Low and High Mass star formation in our own Galaxy

The interstellar medium (ISM) is made of a mixture of gas, mainly hydrogen, and dust grains. The ISM is organised in large structures, 1-100 parsecs, of gas and dust differing in densities and temperatures, known as interstellar clouds. Dense interstellar clouds called molecular clouds are the sites for star formation. Infrared and submillimeter observations reveals that dense clouds have a rich chemistry with more than 200 identified atomic and molecular species.

Understanding the processes by which stars and planets form in the cold and dark interiors of these molecular clouds is one of the most fascinating challenges of modern astrophysics and is what our group is studying.

In particular, we focus on the modelling and on the interpretation of sub millimeter molecular data by using astrochemical and radiative transfer models created by our group (see below).

Extra-Galactic

Developing tools to bridge observables and quantities of interest

Galaxies present a combination of energetic processes, including UV-photons, cosmic and X-rays, and shocks, all contributing toward the processing of the gas and dust in their interstellar medium (ISM).

Dense molecular clouds can survive (and possibly even form) in environments dominated by powerful active galactic nuclei (AGN) or in “hostile” environments associated with young massive starburst. How AGN are fuelled and how the energy generated by the AGN affects the ISM have important implications for the co-evolution of galaxies and black holes and are the questions that our group is interested in answering.
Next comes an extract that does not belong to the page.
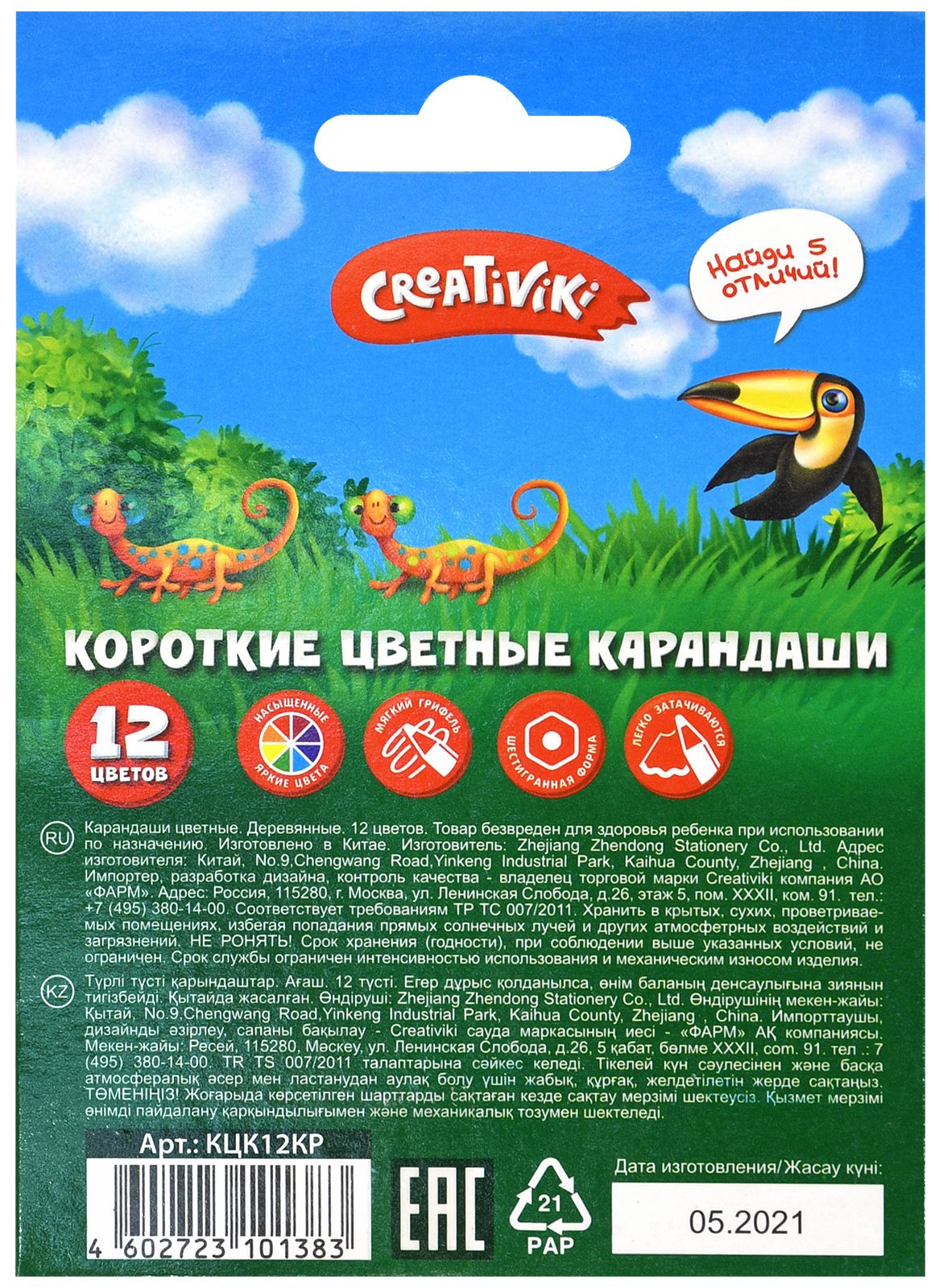 Материал: дерево Количество цветов: 12 Наличие европодвеса: Да Упаковка: картонная упаковка Мягкость грифеля: 2М Вид товара: Набор цветных карандашей Мин. партия и варианты упаковок: 1 / 24 / 480 Набор цветных карандашей Creativiki укороченные 12 цв. шестигранные, деревянные, в картонной упаковке

Galaxy evolution strongly depends on feedback mechanisms whereby star formation is inhibited at some point in the galaxy's lifetime either by AGN or by stellar feedback through stellar winds and supernovae. Each of these processes triggers a specific chemistry which gives rise to a particular combination of molecular lines. Hence, molecular line emission is an extremely powerful tool to trace the gas that fuels star formation and black holes accretion, determine the influence of the newly formed stars on their environments, and ultimately understand how galaxies form, evolve, and interact with each other.

Our group uses observational data from world-class submillimeter instruments, especially ALMA, combined with state of the art chemical and statistical models, to determine the nature of the dense gas in nearby galaxies.

Statistics

Machine Learning and Bayesian Inference

The use of statistics and machine learning is key to the MOPPEX project. As our modelling ambitions grow so do the computational costs. In order to counter this, the group are working on techniques such as emulation to replace computationally intensive parts of our models with neural networks which can produce the same outputs for much lower cost.

Further, if we combine high quality observations of the kind acquired with ALMA with state of the art models, the inference done should be of an equivalent standard. Tools based on MCMC methods of Bayesian inference are being developed by the group to allow users to extract probability distributions for the value of parameters of interest which take into account the uncertainties in the observations and modelling to give a clear view of what can be inferred from our data.